Journal Sanity's Journal: Working the system
Here is my most recent email (slightly edited), the article I refer to is one written by Arlene McCarthy, a UK MEP that is pushing for software patents in the EU - you can learn about her misguided perspective here. While this isn't the article I refer to in my email, it says pretty-much the same thing.
If you live in the EU - particularly if you are involved in a business that you think could be hurt by software patents, please please please contact your MEP and educate them about these issues - find your MEP here. Mrs Doyle was responsive to email, but some might respond better to fax or even phone calls. It is particularly important to stress the negative economic impact that software patents will have, and specific examples relating to your business will also be useful.
Dear Mrs Doyle,
Many thanks for your email. I am most grateful to you for your interest and help in this area, particularly since this may not have been an issue familiar to you previously. Please feel free to share my concerns with anybody you think can help, including Mr Wuermeling.
In her article Mrs McCarthy says "At a time when many of our traditional industries are migrating to China and Eastern Europe and when we Europeans are having to rely on our inventiveness to earn our living, it is important for us to have the revenue secured by patents and the licensing out of ideas".
Unfortunately, the only Europeans that are likely to benefit from the proposed changes are those that own stock in large American multi-nationals like Microsoft and IBM, and those that make a living as Intellectual Property lawyers. Europeans who consume software, and Europeans that work for smaller software firms that have neither the time or resources to apply for patents on every trivial idea they come up with, will be the victims.
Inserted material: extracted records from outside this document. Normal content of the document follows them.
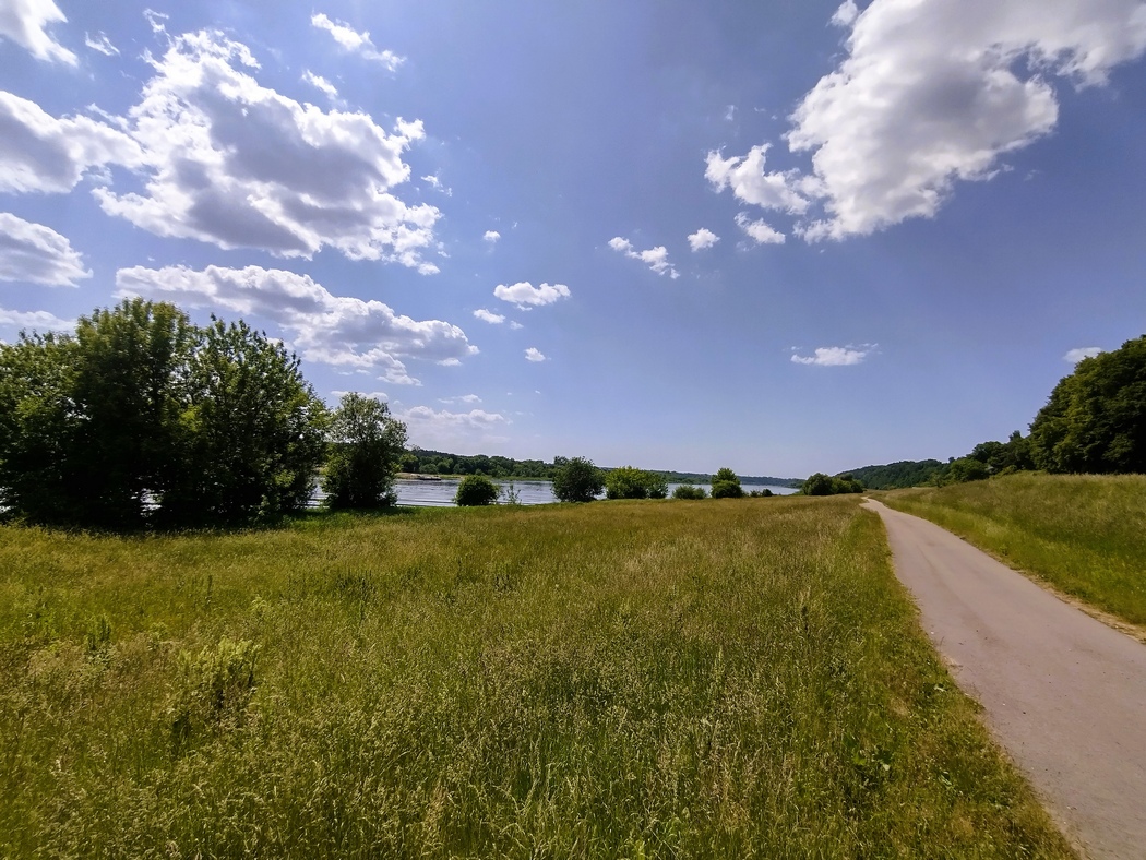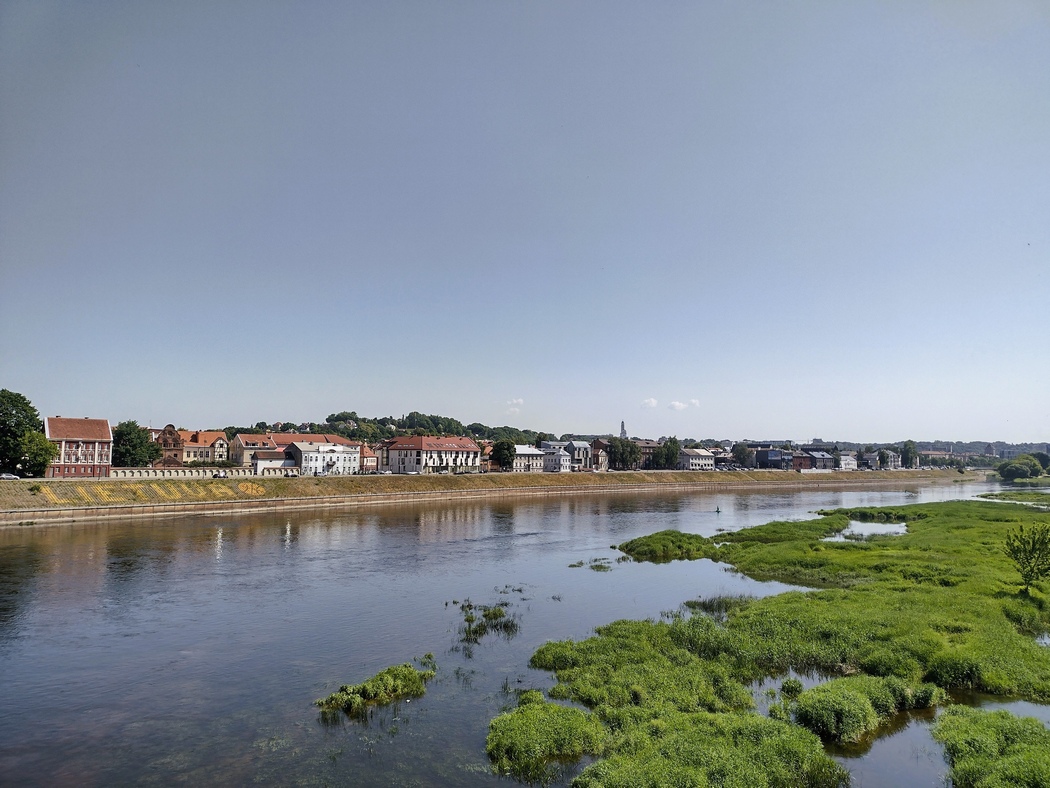Während Julia am nächsten Tag weiter der geplanten Route folgte, unternahm Tilmann noch einen Ausflug nach Kaunas. Rund um die Memel war die Landschaft nun schöner, hügelig und bewaldet, durchsetzt mit kleinen Seen (Mückenalarm!) und führte lange Zeit am Fluss entlang. Der Verkehr wurde etwas weniger, doch die Laster, die Kies umherfuhren, donnerten ohne auch nur einen Zentimeter Abstand zu nehmen an kleinen Fahrradfahrern vorbei, selbst wenn kein Gegenverkehr kam, also genug Platz gewesen wäre, sodass man den Eindruck gewann, hier wolle jemand sein Revier markieren. Julia fuhr am Südufer der Memel entlang und nahm die Fähre bei Vilkija, wofür sie zunächst die beiden bierbäuchigen und oberkörperfreien Fährmänner in ihrem Kabuff wecken musste. Tilmann hingegen blieb, nachdem er Kaunus erkundet hatte, nichts anderes übrig als die dortige Brücke zu nutzen und die Memel am Nordufer zu befahren, da Julia versäumt hatten ihm das Fährgeld in bar auszuhändigen als ob sie nicht wolle, dass er es Charon aushändigt.
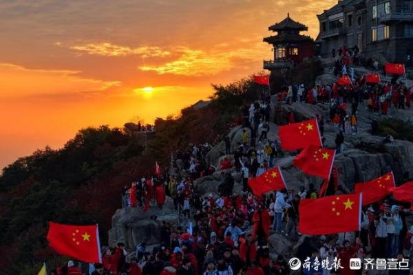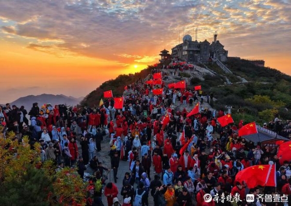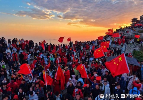 10月1日,中华人民共和国成立76周年当天,上万名游客齐聚泰山之巅,以升国旗、赏日出、唱爱国歌曲的方式共庆祖国华诞,漫山挥舞的国旗与红日、朝霞相映,让"中国红"成为国庆日泰山上最耀眼的色彩。
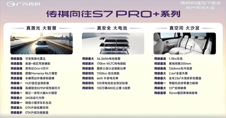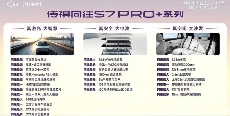 本次上市的两款传祺向往S7 Pro+版,与定位全系入门的115km Pro版相比,核心产品差异集中在电池容量与续航里程两大核心维度。配置层面,这两款Pro+版在保留基础功能的同时有所调整:一方面新增了隐藏式主动进气格栅与底盘护甲,提升了实用性;另一方面则相比115km Pro版减少了主驾座椅4向腰托、副驾座椅老板键、第二排侧面安全气囊及双腔远端安全气囊。

I can categorically state, as someone that has worked in the software industry for my entire professional life and founded three software companies, one in the UK, one in the US, and one with offices in the US and Ireland, that I have never once seen a software patent being used in a manner that would help anybody's economy. Rather, I have seen them used as a way for large software companies to stifle their competition, not by delivering a better cheaper product to their customers, but by aggressively patenting everything in sight then throwing law suits at their competitors. This article describes exactly how this happens - in that case, it was IBM shaking down Sun in the 1980s:
http://www.forbes.com/asap/2002/0624/044_print.html
Some claim that software patents are ok provided that they aren't on trivial or obvious techniques or innovations within the software industry. The problem is that it can be difficult, or even impossible, to confirm that a software patent application meets these criteria - therefore (as has been seen in the United States) the Patent Office will be under pressure to "pass the buck" by granting the patent and letting the courts sort it out down the line. This encourages exactly the kind of litigation that Intellectual Property lawyers love, but which can drive a small software firm out of business.
Intellectual Property lawyers quickly become experts at taking a simple obvious idea, and turning it into a patent application that totally obfuscates what is being patented, and how simple and obvious it really is. I have seen patents on techniques where even the inventor of the technique in question (not the person who filed for the patent) did not recognize that the patent actually covered their idea!
The software industry has thrived without software patents, and where such patents have been permitted their application has done nothing but inhibit progress and competition within the software industry. If the European Patent system must be harmonized, let it be harmonized to something sensible, lets not blindly emulate the mistakes of the United States.